Atlantikwall: pleasure or burden? - A Report by Student Reporter Karla Semak Fiedler
The LDE Centre for Global Heritage and Development held its second successful student hub between the 17th and 20th of May 2022. This year’s hub took place in The Hague and focused on the WII heritage of the Atlantikwall in terms of its meaning in the eyes of the city and its inhabitants, and of its future possibilities for education. Students of Landscape Architecture (TU Delft and Wageningen University), Urbanism (TU Delft), Architectural History (VU Amsterdam), and Applied Archaeology (Leiden University) came together to aid the municipality in forming cultural policy. The workshop was organized and guided by Dr. R. Jansen (Leiden University), Dr. G. Verschuure-Stuip (TU Delft), and Dr. R. de Boer (LDE Centre for Global Heritage and Development).
Students attended several preparatory workshops, city walks, where they visited the sites of the Atlantikwall, and debates concerning the importance of archaeology in heritage management.

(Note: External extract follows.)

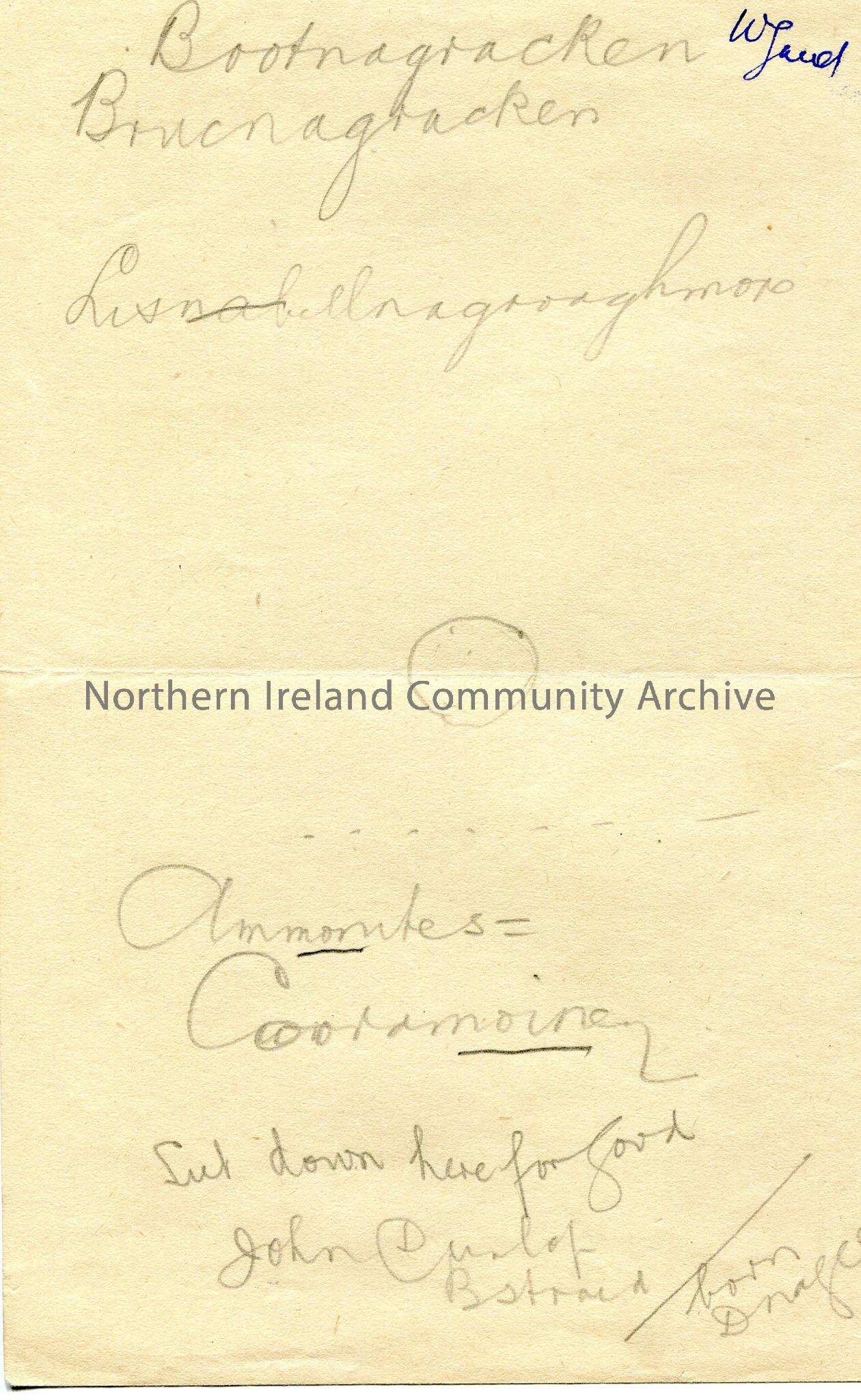 Handwritten document in pencil. Possibly place names- Bootnagracken. Includes other illegible words.

A visit to the Bunker Museum Den Haag was organized prior to the beginning of the workshops. On the first day, a number of experts working with the municipality spoke to the students: ecology experts explained the importance of bunkers in maintaining ecosystems in the Natura 2000 area, archaeologists demonstrated the history of WWII archaeology and its controversial situation today, and policy advisors introduced the audience into the visions and current policy trends within the municipality of The Hague. Work continued at the Archaeological Department of The Hague, where the students were divided into eight transdisciplinary groups and assigned to various areas along the Atlantikwall. The groups covered areas from residential neighbourhoods and business districts to natural preserves. Their task was to identify issues within the context of heritage preservation and urban development and find landscape and architectural solutions while taking into account the needs of the various stakeholders impacted by the presence of the Atlantikwall. The lecturers, experts, and municipality officers supervised the process and advised the students as they devised their designs. On the last day, the students’ perspectives were presented to the municipality through a series of presentations and discussions. The workshop results and the students’ ideas will be compiled into a paperback booklet featuring the visual designs and the accompanying vision behind them.

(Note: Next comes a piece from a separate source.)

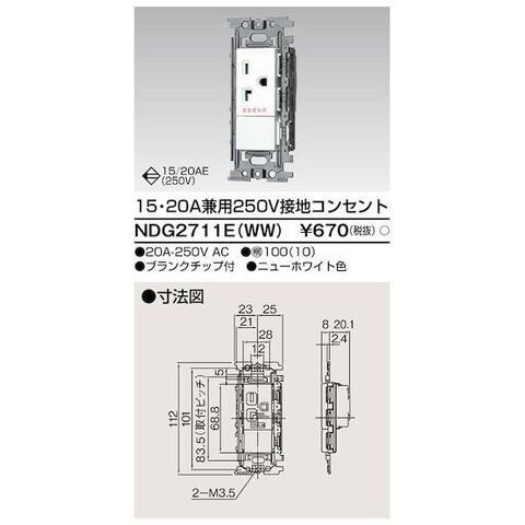 東芝ライテック TOSHIBA NDG2711E(WW) 15・20A250V接地コン

Atlantikwall Workshop - A Report by Student Reporter Matilda Mulder
Convinced of the importance of preserving the Atlantikwall, given its crucial role for both the Hague and European identity, the eight student groups have worked assiduously, attempting to give new life to the wall and its contested legacy. Students’ projects have tried to transform void places into spaces [1] where the human dimension could have been brought back and allowed to unfold.

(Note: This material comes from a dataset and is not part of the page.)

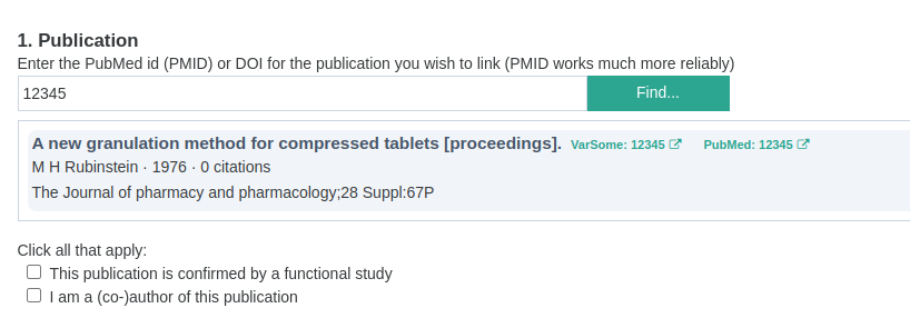 This will bring up the pop-up shown below. Enter the PubMed ID or DOI of the publication you want to link and click on “Find”. Please note that although DOIs are supported, PubMed IDs work more reliably.

Scholars have combined their skills and knowledge to design spaces of awareness that would help rediscover the story of the wall, as well as sites where the production of new meaning is made possible. Indeed, one of the singularities of contested heritage sites is that, if the way of preservation is adopted, new value must be necessarily added.
The Atlantikwall meant the erasure of the entire cultural landscape of the Hague coastal area and its immediate environs; by so doing, it generated non-places, desert lands, where there was nothing left for people to go back to. After the war, huge-scale business buildings and vast roads were constructed on many of those lands. In The Hague, besides some bunkers partly buried along the coast, the Atlantikwall no longer exists. Yet, even though the Atlantikwall has in a sense disappeared, a profound division is still present. Along the line where the wall used to stand, neighbourhoods are fragmented; wealthy and more humble residential areas and working and cultural districts are poorly connected and tend to close in on themselves as isolated spheres. Just by entering one area rather than another, feelings of uneasiness and estrangement can be experienced, almost a sense of non-belonging. In some way, we could say that the wall has never ceased to exist; it just became invisible.
During the workshop, one of the ways suggested for generating new positive meaning has thus been to re-construct and re-habilitate the previously destructed cultural landscape by reconnecting the urban fabric and bringing back people. By rendering those places again crossable, they will be made alive and a reappropriation could finally take place.
Students have designed spaces (i.e. park, hiking route, etc.) that would foster connection and, at the same time, would convey the story of the Atlantikwall through multiple artistic mediums and design installations. Some groups have reached interesting outcomes thanks to the adoption of interdisciplinary approaches; for instance, the intersection between archeology, technology, and ecology has been explored to offer new solutions in dealing with contested heritage.
While discussing which narrative was to be adopted, students agreed that the story they wanted to tell is complex and multi-layered, that it would not be the story of the Dutch or of the Germans, but rather the story of Europe that moves beyond both space and time. In order to convey such a story, the target had to be as diversified as possible. The spaces designed want to bring different groups together (i.e. tourists, locals, etc.) through the physical and psychological sharing of the same venue.
[1] When discussing geographies space and place are important concepts. If “place” refers to something fixed, stable and existing, conversely “space” indicates the product of intersecting and ever shifty actions that operate on the place and change it accordingly. Spaces are therefore characterized by fluidity, movement, and by a continuous and prolific interaction between people and place.